[petsc-users] Suspect Poor Performance of Petsc
Barry Smith
bsmith at mcs.anl.gov
Thu Nov 17 13:12:58 CST 2016
> On Nov 17, 2016, at 12:25 PM, Ivano Barletta <ibarletta at inogs.it> wrote:
>
> Thank you for your replies
>
> I've carried out 3 new tests with 4,8,16 cores, adding the
> code lines suggested by Barry (logs in attachment )
>
> Still lack of scaling persist, but maybe is just related to the size
> of the problem.
>
> As far as balancing concerns, there's not very much I can do, I
> believe it depends on land/sea points, (on land matrix coefficients
> are zero), it's something I cannot control.

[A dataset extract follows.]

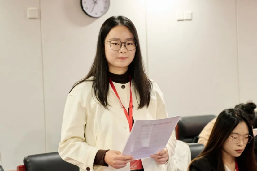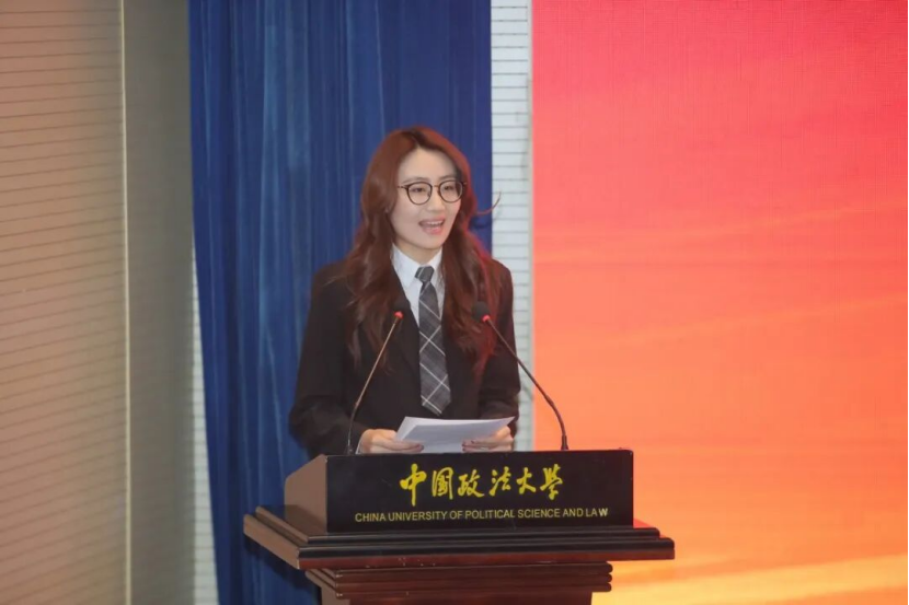 段鸥琰代表法律硕士研究生发言,她从思政引领与涉外法治能力培养出发,呼吁法律学子将个人理想融入法治中国建设大局,成为“德法兼修、胸怀家国”的卓越人才。

Sure you can. You need to divide the rows between processes to balance the work per process (not just balance the number of rows per process), to first order you can assume the work is proportional to the number of nonzeros in the matrix on that process. Thus you want to divide up the rows so each process has the same number of nonzeros (this is not perfect but is a start).
:VecNorm 65 1.0 7.4379e-02 1.0 8.87e+05 1.0 0.0e+00 0.0e+00 6.5e+01 72 9 0 0 31 82 9 0 0 34 47
:VecNorm 67 1.0 7.8646e-02 1.0 4.62e+05 1.0 0.0e+00 0.0e+00 6.7e+01 43 9 0 0 31 72 9 0 0 34 46
0:VecNorm 67 1.0 2.0528e-01 1.2 2.34e+05 1.0 0.0e+00 0.0e+00 6.7e+01 32 9 0 0 31 63 9 0 0 34 18
The time "spent" in VecNorm goes from 63 to 82 percent of the total solve time. This is due to the load imbalance. You absolutely have to deal properly with the load imbalance or you will never get good parallel speedup (regardless of problem size).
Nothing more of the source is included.